Wednesday, January 27, 2010

Conversations 2010 #3

Conversations 2010 #3

Brandon, I'm trying to figure out what sort of fundraiser I need to plan to get you money for a new computer.  I hope you get one soon.  I'm glad that you seem to have found a way to post more often.  I hope you don't get "called into the office."

I'm only throwing this out there, but maybe Tara is not watching many films with you because you're watching Halloween 2 and The White Ribbon and others like those.  :)

I enjoyed the Lifeboat snd Saboteur reviews.  Two "minor" Hitchcock pictures that I've been meaning to check out for a while now.

I couldn't agree more with the Tarantino/Godard bit.  From the very beginning, Tarantino has been aping Godard (quite publicly- his production company is named A Band Apart for crying out loud) and reaping great benefits from it. The reason this works is because Tarantino is always very much his own man even when he shamelessly steals from his heroes.  Just like Godard kept trying to make a Hawks film and discovered that he couldn't make anything other than a Godard film.  

As far as Truffaut goes, I have to stay shamedly silent.

The Trouble With Harry is really great.  I watched it a few years ago with my friend Spike.  At the time, I hadn't even heard of it.  Now, I think it's essential Hitchcock.  Any Hitchcock film has a better sense of humor than 99% of what's typically billed as comedy.  When Hitchcock does a "pure" comedy (Harry, Mr. and Mrs. Smith), there's not much better in the world.

Jason, I saw Valley of Gwangi way back in Houghton days when I was back home staying with my parents.  I think it was shown on AMC, but maybe I even found a VHS copy somewhere or maybe we had gotten TCM at that point.  I can't remember.  I do remember marvelling at the special effects and being surprised by the story, just as you were.  Good stuff.  Also, I'm glad you made it to the Dryden.  

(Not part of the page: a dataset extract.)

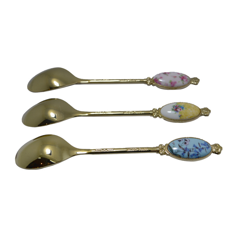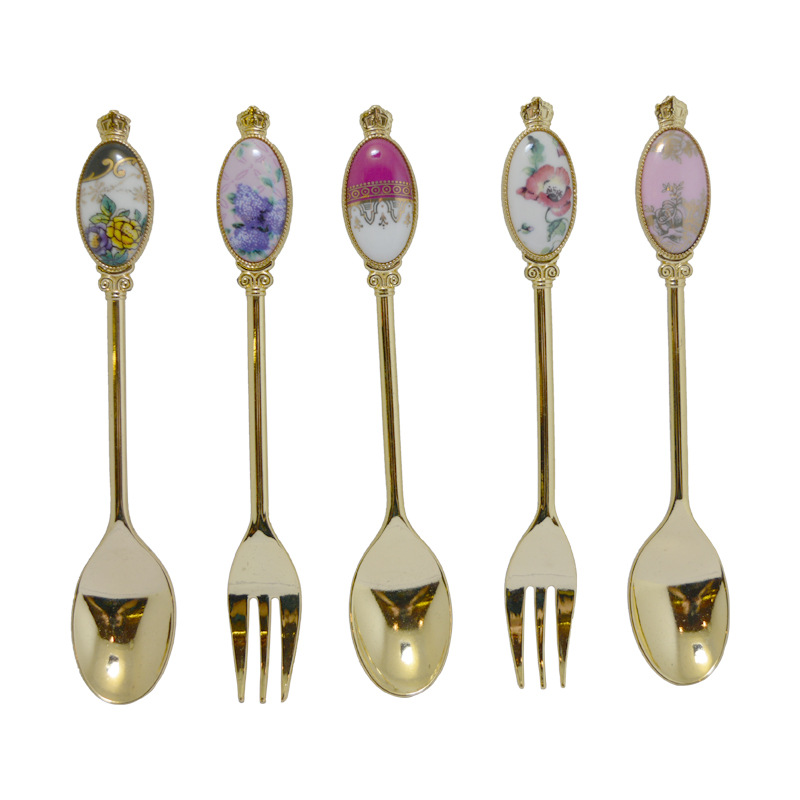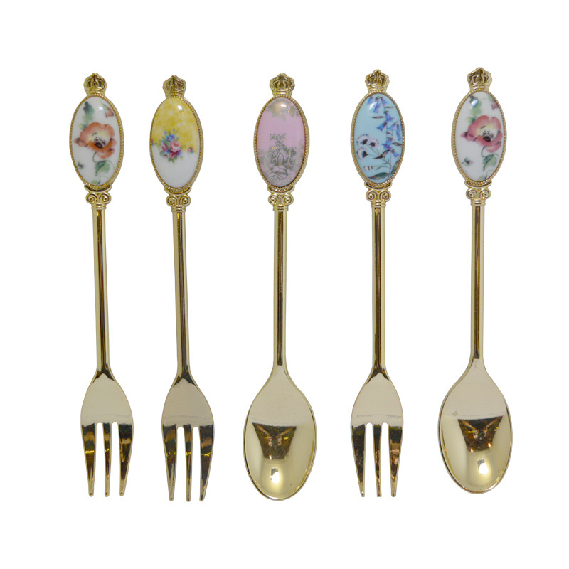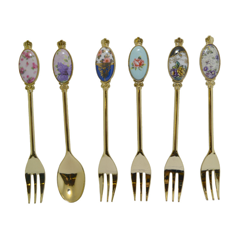 크리 에이 티브 아연 합금 세라믹 손잡이 서양 음식 포크와 스푼 커피 교반 스푼 선물 세트 2 차원 포크와 스푼 사용자 정의

Your Fairbanks post reminded me that I had made a resolution this year to watch one silent feature every week this year.  So far, I'm failing miserably at this goal.  But, I have watched a handul of silent shorts.

From the 19 aughts...

5 directed by James Williamson:
Attack on a China Mission is a forgettable one-shotter.
The Big Swallow is a big gimmick/magic trick (a man swallowing the camera that is filming him) that absolutely works.
Stop Thief! is an early three-shot chase film that may have established the pattern for every chase to follow it.  It also holds up favorably against all of those subsequent chases.
Fire! may be interesting historically for its early complex editing and for inspiring countless other fireman movies, but it's otherwise uninteresting.
An Interesting Story follows a guy too absorbed in the book he's reading to care about safety.  The steamroller scene shocked me into fits of laughter because I really wasn't expecting it.

1 directed by Frank Mottershaw:
Daring Daylight Burglary builds on some of the ideas that Williamson had helped pioneer and populize and then pretty nearly perfects them.  There's a shot of the burglar and a cop wrestling on a rooftop in which the cop gets thrown off the side of the building.  I can't quite explain why, but I love this shot.  I think that it's because few directors today would hold that shot on the rooftop after the cop is thrown off.  Somehow, staying with the burglar for a few seconds longer makes the cop's fall all the more real than if we had been immediately given a cut to a shot of the body falling or hitting the ground.

Finally...
  You might be a Yankee if...

...you laughed often at the alternate history documentary C.S.A.: The Confederate States of America.

I'm not going to write a lot about C.S.A.  Except to say that I really liked it.  And that I would rank it as one of the best science fiction films of the last decade.  Seriously.

There is a long and boring debate in SF circles as to whether or not Alternate History (AH) properly belongs as a sub-genre of SF or if it belongs somewhere else completely.  I'm firmly in the former camp.  If SF is loosely defined as what may be based on what is, AH can be seen as what may have been based on what was.

C.S.A. is particularly illuminating in that it clearly sheds light on how far we have yet to progress in undoing the toxic effects of chattel slavery in this country.  

And tying C.S.A. back to silent film, the blackface Licoln in a Griffith parody/homage is absolutely hilarious.